The 25 cities included in the analysis have more than $125 billion of unfunded pension liabilities. Among them, 22 have pension liabilities that will have to be funded either solely or mainly by the city. Morningstar reported that about 50% of the cities contributed the full annual required contribution (ARC) to fund employee benefits earned in the last fiscal year. In aggregate, the cities’ pension plans are 66.4% funded with an average unfunded liability of $3,776 per capita, although these varied widely among the cities. The study also reports that the median funded ratio is markedly better at 76.0%, with an average unfunded liability of $1,556 per capita. For comparison, Morningstar recently published a companion report, State of the State Pension Plans 2013, which found that state pension plans have an aggregate funding ratio of 72.6%, with a UAAL per capita of about $2,600.

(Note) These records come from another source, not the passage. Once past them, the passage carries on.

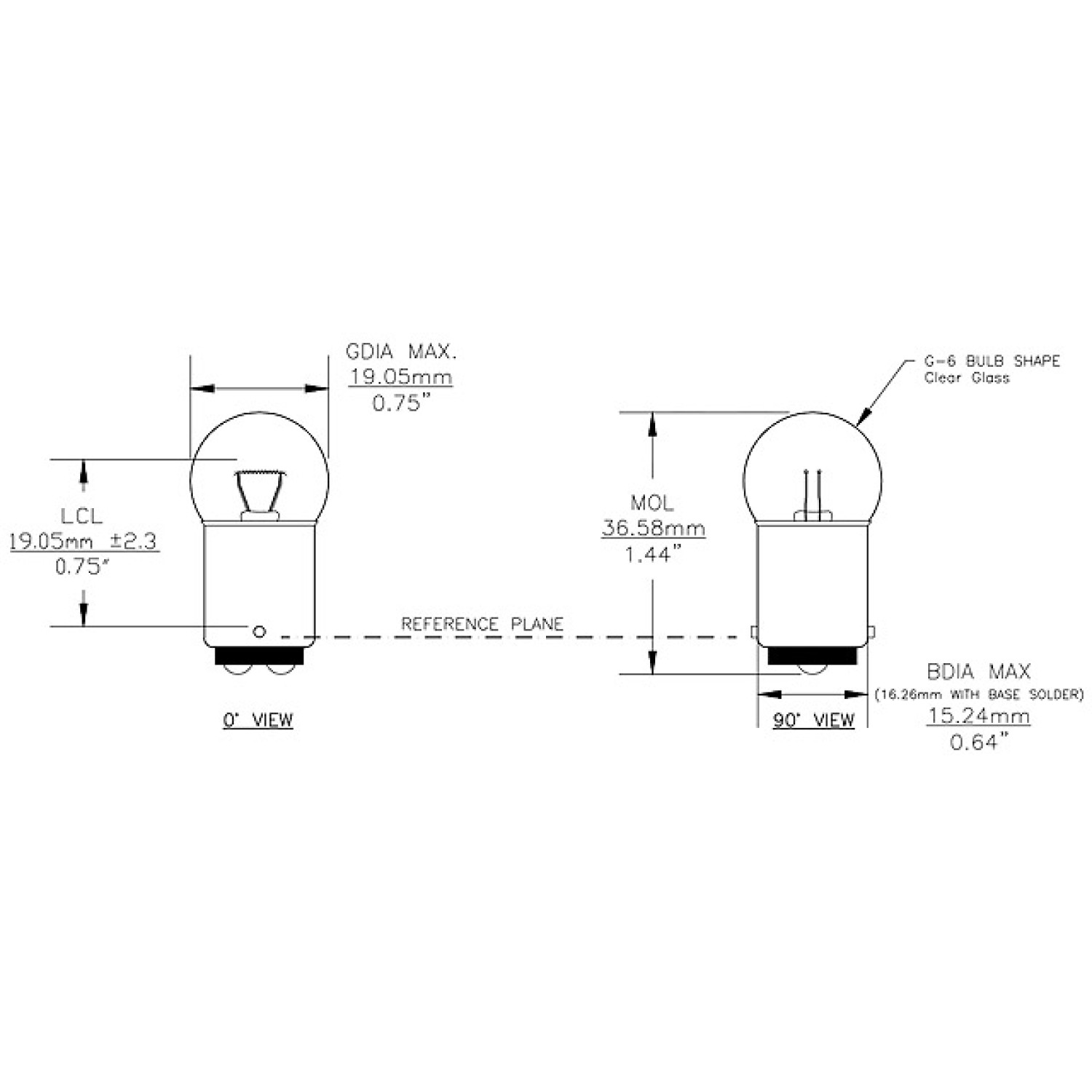 Voltage: 28V/28V (dual filament), Current: 0.23A/0.23A, Type: G6 Miniature Bulb, Light Output: 3.0 MSCP, Base Type: BA15D - Double Contact Bayonet, Life Hours: 2000, Dimensions: 1.44 in. Length x 0.75 in. Diameter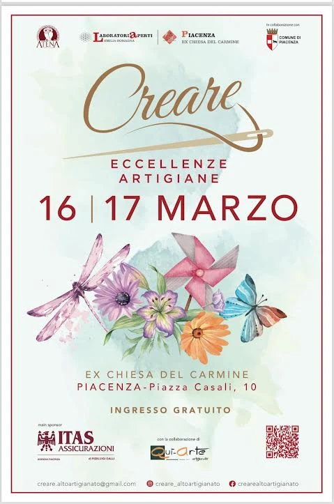 CREARE – Mostra-mercato di alto artigianato 16-17 marzo 2024 – Orari: dalle 10.00 alle 19.00 – Ex Chiesa del Carmine – Laboratorio Aperto di Piacenza – Piazza Casali, 10.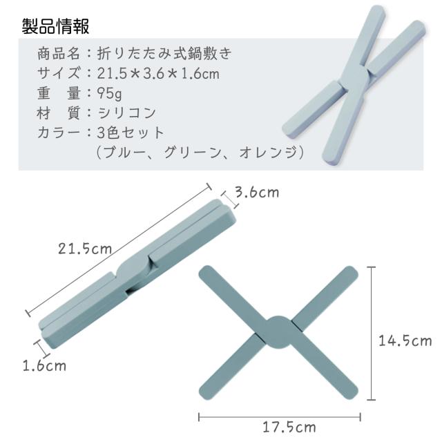 鍋敷き 折りたたみ式 3個セット シリコン おしゃれ 北欧 キッチン雑貨 ポットマット 鍋置き 便利グッズ pot-mat-02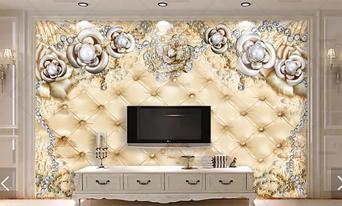گلهای جواهرنشان با زمینه طرح دار کرمی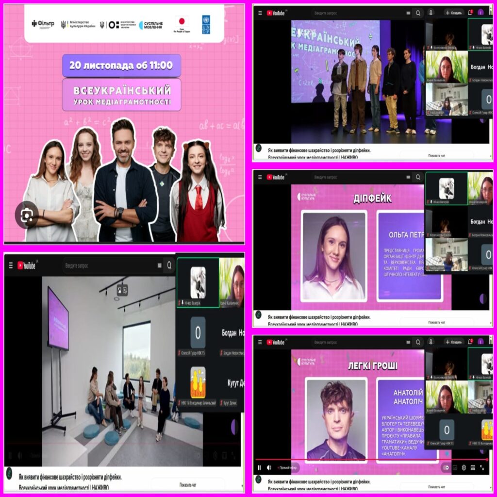20 листопада 2025 року, учні 9-А класу Херсонського НВК № 15 долучились до Всеукраїнського уроку з медіаграмотності. Під час уроку учні поглибили свої знання про фінансову безпеку та онлайн-шахрайство, про діпфейки та штучний інтелект. Адже бути медіаграмотним сьогодні – це вміти приймати зважені рішення та відповідально діяти в інформаційному просторі.

With regard to the distribution of the cities’ funded ratios, 3 cities have funded ratios of 90% or more and 8 have UAALs of less than $1,000 per capita. In addition, 7 cities have funded ratios of at least 80%. Morningstar considers pension systems with an unfunded ratio of 80% or greater and/or a UAAL per capita under $1,500 to be in good condition. However, 7 of the evaluated cities have funded ratios below 70%.
According to the study’s author, Municipal Credit Analyst Rachel Barkley, the report focused on the 25 most populous cities because they are “major financial centers and play an important role in the overall economy and the larger municipal bond market.” In addition, the “nation’s largest cities often maintain their own pension plans, separate from those administered by the states. Therefore, in order to bring further clarity to the pension burden facing these entities, we have analyzed the pension plans and liabilities for the 25 most populous U.S. cities.”
The report concludes: “The main driver of long-term pension health for each city will, in our opinion, be driven by its management practices. Entities that fully fund the ARC, actively seek to manage pension liabilities, and periodically review their actuarial assumptions and investment policies are likely to maintain adequate pension funded levels in the long run. Governments’ treatment of pension funding and benefits in times of positive market returns and overall economic growth will also be a key indicator of whether plans will experience significant stress in future recessions.”
Individual data for each plan are also included in the report. Although this is the first report prepared by Morningstar on city pension plan funding, it expects to provide an annual updated report to inform investors about the fiscal health of each city’s pension liabilities and the potential impact on the city’s overall credit quality.